▸ Data:
= = = = =
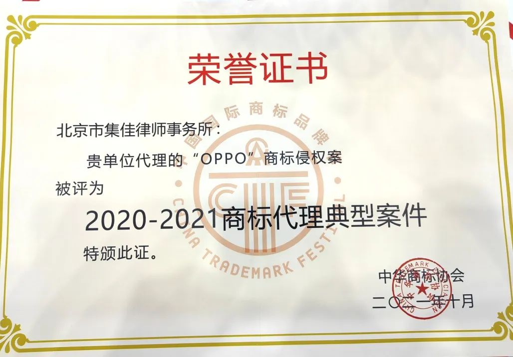6月17日,第十三屆中國國際商標(biāo)品牌節(jié)正式拉開帷幕,各項(xiàng)活動(dòng)火熱進(jìn)行。在“商標(biāo)典型案例評(píng)析論壇”上,集佳律師事務(wù)所代理的“第33類‘王者榮耀’無效宣告行政訴訟案”和“OPPO侵權(quán)案”因其體現(xiàn)出的創(chuàng)新性、實(shí)效性、典型性和影響力,在眾多案例中脫穎而出,雙雙入選“2020-2021商標(biāo)代理典型案件”。
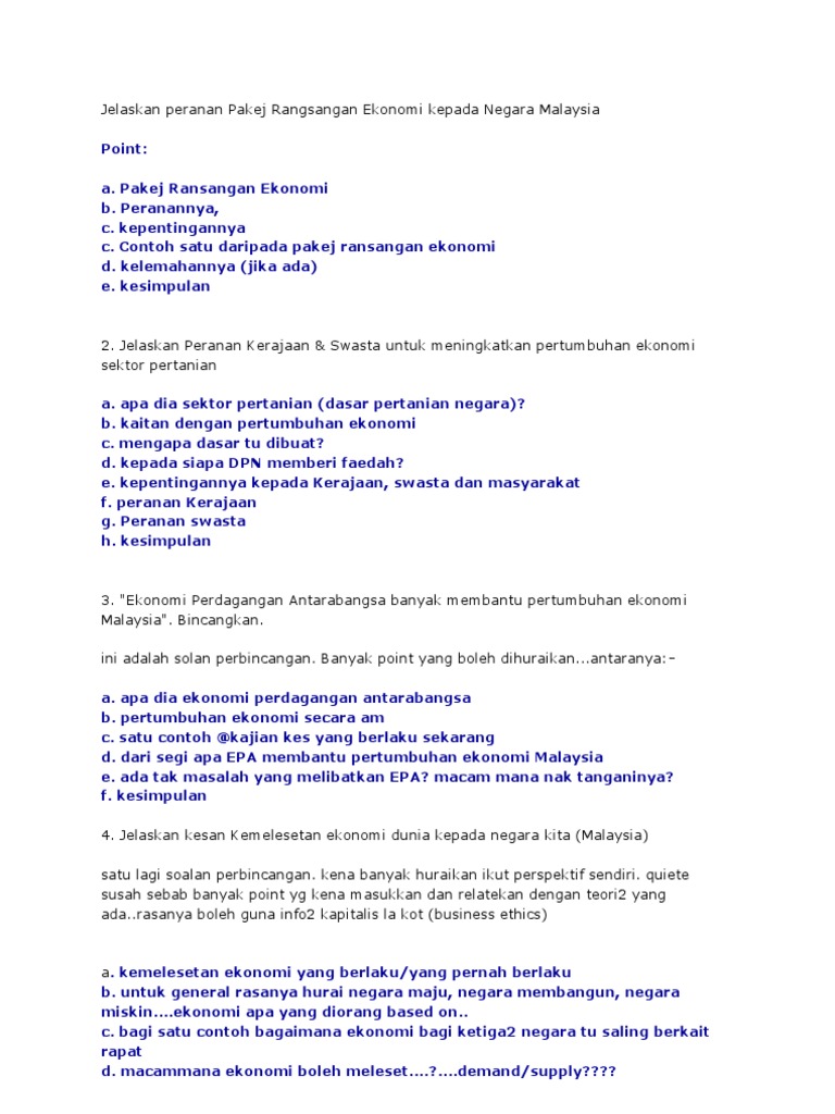 Ekonomi malaysia dijangka berkembang lebih perlahan iaitu antara 0 4 peratus hingga 2 5 peratus tahun ini dengan potensi mengalami penguncupan pertumbuhan atau kemelesetan teknikal. Pertumbuhan ekonomi malaysia pada suku keempat hanya 0 1 berbanding 4 7 pada suku ketiga tahun 2008. Memandangkan malaysia sebagai sebuah ekonomi yang sangat terbuka kesan kemelesetan global begitu dirasai oleh sektor yang berkaitan dengan perdagangan luar. Eksport dan pengeluaran kilang merosot masing masing sebanyak 7 4 dan 11 1 bagi merangsang aktiviti ekonomi kerajaan telah mengumumkan pakej.
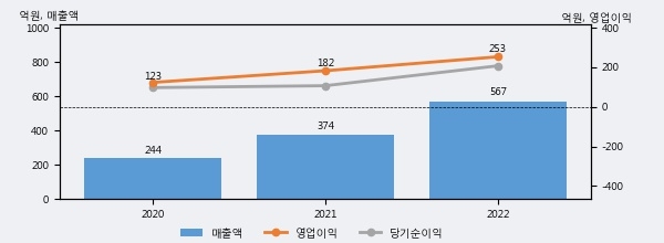 최근 실적을 살펴보면 2022년 매출액이 최근 3년 중 가장 높은 실적을 기록했음을 알 수 있다. 이전 최고 실적이었던 2021년 보다도 51.6%(193억원) 늘어난 것으로 나타났다.
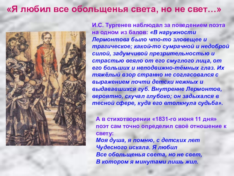 А в стихотворении «1831-го июня 11 дня» поэт сам точно определил своё отношение к свету:
= = = = =
▸ Task: Omit the images; transcribe the listing verbatim.

▸ Exercise response:
6月17日,第十三屆中國國際商標(biāo)品牌節(jié)正式拉開帷幕,各項(xiàng)活動(dòng)火熱進(jìn)行。在“商標(biāo)典型案例評(píng)析論壇”上,集佳律師事務(wù)所代理的“第33類‘王者榮耀’無效宣告行政訴訟案”和“OPPO侵權(quán)案”因其體現(xiàn)出的創(chuàng)新性、實(shí)效性、典型性和影響力,在眾多案例中脫穎而出,雙雙入選“2020-2021商標(biāo)代理典型案件”。
 Ekonomi malaysia dijangka berkembang lebih perlahan iaitu antara 0 4 peratus hingga 2 5 peratus tahun ini dengan potensi mengalami penguncupan pertumbuhan atau kemelesetan teknikal. Pertumbuhan ekonomi malaysia pada suku keempat hanya 0 1 berbanding 4 7 pada suku ketiga tahun 2008. Memandangkan malaysia sebagai sebuah ekonomi yang sangat terbuka kesan kemelesetan global begitu dirasai oleh sektor yang berkaitan dengan perdagangan luar. Eksport dan pengeluaran kilang merosot masing masing sebanyak 7 4 dan 11 1 bagi merangsang aktiviti ekonomi kerajaan telah mengumumkan pakej.
 최근 실적을 살펴보면 2022년 매출액이 최근 3년 중 가장 높은 실적을 기록했음을 알 수 있다. 이전 최고 실적이었던 2021년 보다도 51.6%(193억원) 늘어난 것으로 나타났다.
 А в стихотворении «1831-го июня 11 дня» поэт сам точно определил своё отношение к свету:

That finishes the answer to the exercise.